Ian Weekes grew up in small country towns where every aspect of his life was grounded in the Bible. At home, his parents taught him the Christian faith. At church, he was embraced and supported by faithful congregations who explained the Scriptures to him and made sure he understood the gospel of Jesus. Ian acknowledged Jesus as Lord of his life as a 15-year-old, later attended Bible College and was ordained as a minister in the Uniting Church of Australia.
It was in his first parish placement in Shoalhaven that Ian experienced teaching for the first time, through the Special Religious Education (SRE) program at his local public school. “I had experienced SRE classes during my own schooling,” Ian says, “but this was the first time I’d taught. It was a great experience.”
Ever since then, Ian has been teaching SRE in primary schools. “It is a great challenge and a great joy, to help the kids understand what the Bible is about, to fill them in on what the Bible has to say, particularly about why Jesus came.”

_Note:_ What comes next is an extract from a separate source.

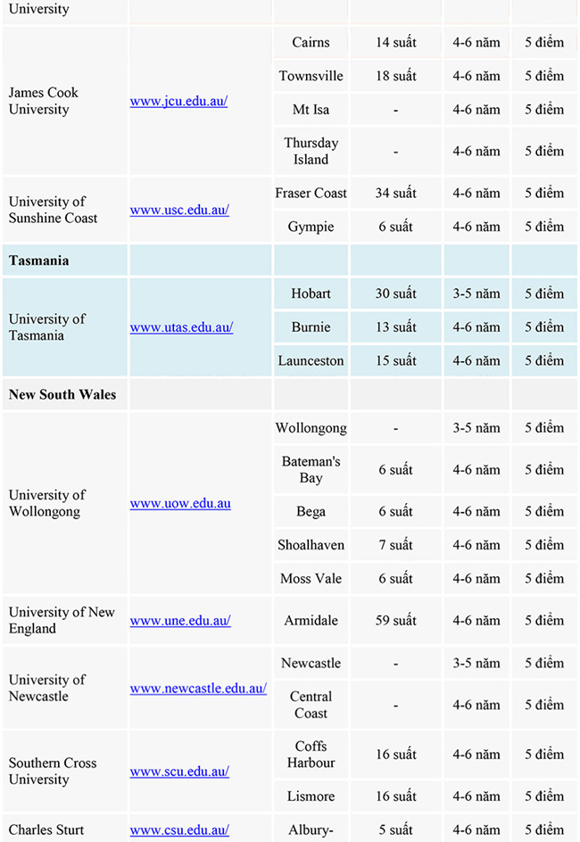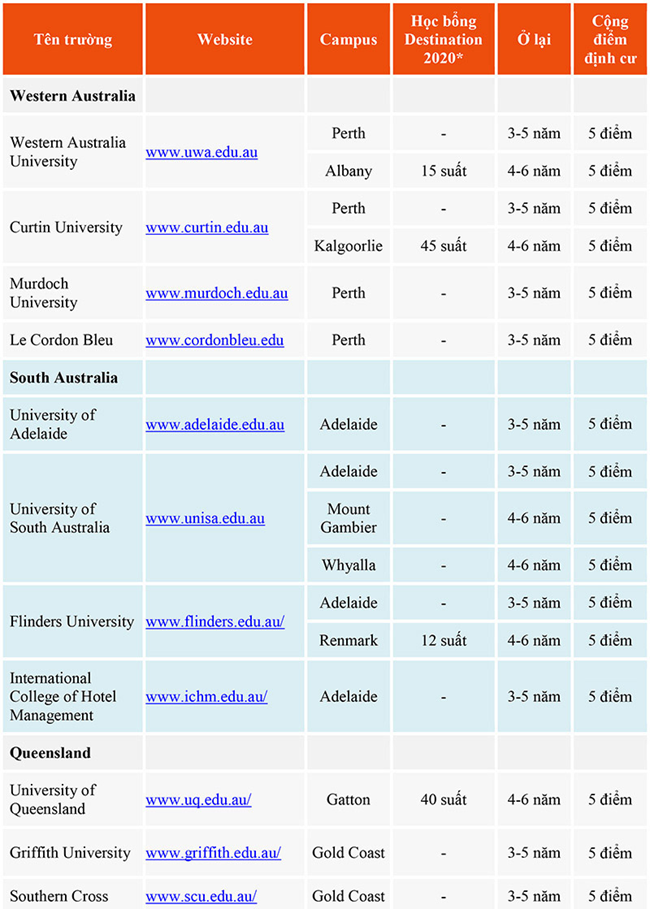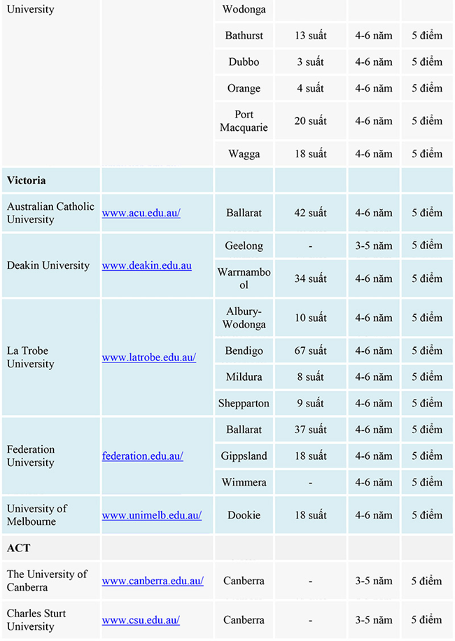 * Bảng trên chỉ liệt kê các suất học bổng Destination Australia có dành cho SV quốc tế

Ian soon realised that his experience – of being immersed in the Bible from childhood – was not a common one among the children he taught. “It became evident to me that the children had no real understanding of the Bible, or who Jesus is. There was no basic understanding of the Christian faith.”
Margaret Barlow, from Orange Presbyterian church, has also experienced the importance of passing an understanding of the Bible on to children. Margaret teaches year 6 students in SRE, and has requested classroom sets of Bibles through Bible Society’s Bibles in Schools project to aid her teaching.
“A lesson I do early is how to look up verses in the Bible. I think that having the experience of using a Bible, holding it, and looking up verses is important. It is a way of setting up the children for the future. SRE teachers see the kids for such a short time. It’s our job to demystify the Bible, to teach the children of its veracity and reliability. To give them enough practical experience using it so that they don’t feel any constraints on using it themselves. And maybe, it will give them a motivation to do so.”
Margaret is very grateful for the opportunity to teach children about the Bible. She says, “Teaching the children has caused me to ask questions. I need to have answers for them, so I have been confronted with things that I have never questioned. So, I have gone to our minister and found out more in depth why I believe what I believe.”
Margaret is also grateful to teach the children is because it has allowed her to realise “why the Bible is important to me”. Teaching the children has meant that God’s word is applied in both directions: as she opened the Bible with them, the children’s questions have served Margaret in deepening her knowledge of the Bible and her faith. She says, “It’s good to give the children the chance to learn about the Christain framework and foundation for life.”
Ian also adds, “It’s an amazing opportunity we have, to teach these children the basis for the Christian faith. It’s an opportunity that we need to make the most of. It is wonderful to help the children understand the Bible and its place in our society.”